In each session, the control group were asked five obscure knowledge questions (e.g. What year did Henry VIII die?) from one of six general categories (population, history, duration, pop music, miscellaneous numbers and distance) and were asked to place answers in correct chronological order using any available online resource. Each session comprised three sets of five questions and 15 points were awarded for each answer in the correct chronological order.
The main outcome measures were the difference scores (post-training minus pre-training) for the four benchmarking tests in the two experimental groups and the control group in the ‘intention to treat’ population (i.e. those who completed baseline and six-week benchmarking assessments). Comparisons were then made between each of the experimental groups and the control group and between the two experimental groups themselves (Table 2 and Figure 1). Changes on the training test performance were also calculated by comparing the scores from the first training session with the scores from the final training session.
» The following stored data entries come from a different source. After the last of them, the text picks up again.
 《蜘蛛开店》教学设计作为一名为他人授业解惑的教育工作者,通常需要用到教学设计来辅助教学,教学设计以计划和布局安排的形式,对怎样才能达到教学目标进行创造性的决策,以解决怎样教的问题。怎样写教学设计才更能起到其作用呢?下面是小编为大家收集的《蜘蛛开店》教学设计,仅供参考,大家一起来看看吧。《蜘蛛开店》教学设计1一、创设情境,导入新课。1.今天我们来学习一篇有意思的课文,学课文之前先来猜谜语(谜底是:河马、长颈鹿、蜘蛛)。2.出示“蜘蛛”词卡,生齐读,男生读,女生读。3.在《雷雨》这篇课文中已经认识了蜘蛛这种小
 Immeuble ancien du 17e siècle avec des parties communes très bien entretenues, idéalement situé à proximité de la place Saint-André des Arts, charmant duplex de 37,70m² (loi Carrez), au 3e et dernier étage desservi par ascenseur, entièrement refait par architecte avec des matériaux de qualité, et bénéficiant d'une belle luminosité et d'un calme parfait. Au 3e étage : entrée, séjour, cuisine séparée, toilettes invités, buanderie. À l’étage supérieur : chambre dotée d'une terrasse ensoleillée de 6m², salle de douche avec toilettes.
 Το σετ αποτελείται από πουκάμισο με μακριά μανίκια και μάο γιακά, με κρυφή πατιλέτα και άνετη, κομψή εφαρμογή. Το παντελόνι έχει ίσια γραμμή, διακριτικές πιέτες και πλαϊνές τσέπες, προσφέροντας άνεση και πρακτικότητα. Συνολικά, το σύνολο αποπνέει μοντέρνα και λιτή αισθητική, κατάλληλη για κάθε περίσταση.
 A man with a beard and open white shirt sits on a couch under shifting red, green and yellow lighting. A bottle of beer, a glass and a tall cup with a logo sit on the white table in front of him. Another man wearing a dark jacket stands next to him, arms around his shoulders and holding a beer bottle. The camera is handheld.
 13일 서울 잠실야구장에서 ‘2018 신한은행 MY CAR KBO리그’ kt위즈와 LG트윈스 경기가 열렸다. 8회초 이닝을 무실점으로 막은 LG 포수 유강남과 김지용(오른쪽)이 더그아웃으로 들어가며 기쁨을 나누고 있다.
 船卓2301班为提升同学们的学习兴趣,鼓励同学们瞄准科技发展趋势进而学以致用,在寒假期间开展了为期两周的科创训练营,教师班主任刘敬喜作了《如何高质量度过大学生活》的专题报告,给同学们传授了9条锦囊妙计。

With such large sample sizes, statistical significance is easily reached, even when actual effect sizes are miniscule, making any numerical differences between two groups very difficult to interpret (as an example, the greater change in VSTM performance in the control group relative to both of the experimental groups is statistically significant, yet is counter to any reasonable hypothesis about brain training and, therefore, has no clear theoretical interpretation). To overcome this problem, the size of any observed differences was quantified by reporting effect sizes together with estimates of the likely margin of error (99% confidence intervals), for all comparisons between groups. Effect sizes provide a measure of the ‘meaningfulness’ of an effect, with 0.2 being generally taken to represent a ‘small’ effect, 0.5 a ‘medium’ effect and 0.8 a ‘large’ effect14. Thus, effect size quantifies the size of the difference between two groups, and may therefore be said to be a true measure of the significance of the difference.
None of the authors has any competing interest.